Bjørn Schaeffner rettet in der NZZ im Rückblick auf den Technoclub-Kultur der Neunziger vor dem Vorwurf, lediglich einem entpolitisierten Hedonismus Vorschub geleistet zu haben - ein Vorwurf, der von der Öffentlichkeit genauso geteilt wurde wie von Teilen der linken Popszene. Übersehen wurde dabei allerdings, dass die Pioniere des Technos "ihre Musik als radikalen Gegenentwurf zu den Mechanismen der Pop-Industrie und der weißen Mehrheitskultur verstanden hatten. ... Das galt ähnlich auch für die House-Musik, die aus dem Ghetto kam. Es handelte sich um eine Dance-Kultur, in der die Schwulen, die Lesben und ethnische Randgruppen zu einer eigenen Stimme fanden. Im Nebel der Nacht sollte später auch die elektrifizierte Jugend Europas ihre Erleuchtung haben. Sie lernte viel über eine neue Körperlichkeit und einen fließenderen Geschlechterbegriff."
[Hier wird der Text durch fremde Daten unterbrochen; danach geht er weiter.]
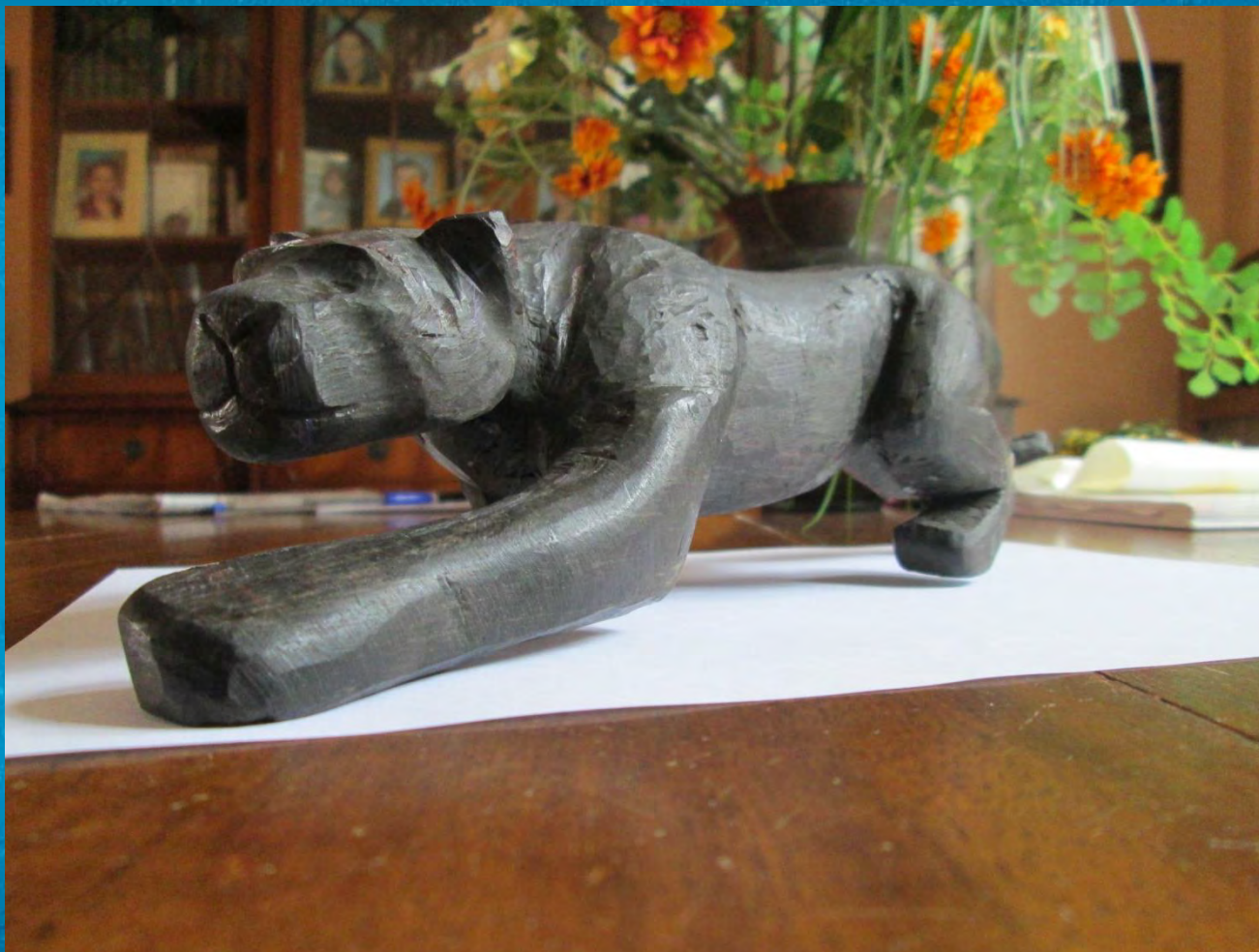
PANTHÈRE NOIRE (ébène)

Weitere Artikel: In der taz spricht Jan Paersch mit Don Letts ausführlich über die Geschichte von Trojan Records und die historischen Bündnisse zwischen Reggae und dem britischen Punk der ersten Stunde. Thomas Gerlach erzählt in der taz derweil die Geschichte der DDR-Band Klaus Renft Combo. Für die Berliner Zeitung hat sich Sarah Pepin mit den Macherinnen des Berliner Festivals Pop-Kultur getroffen, die sich weiterhin tapfer gegen die Zumutungen der antisemitischen BDS-Kampagne stemmen.

Besprochen werden Leon Vynehalls "Nothing Is Still" (taz, Pitchfork), Sophies Album "Oil Of Every Pearl's Un-Insides" ("Eindeutig ist hier nichts. Zweideutig ist zu wenig", schreibt Christian Schachinger im Standard), Laurie Andersons Auftritt beim Berliner Festival "A l'arme" (Tagesspiegel) und das neue Album der Punch Brothers (FAZ).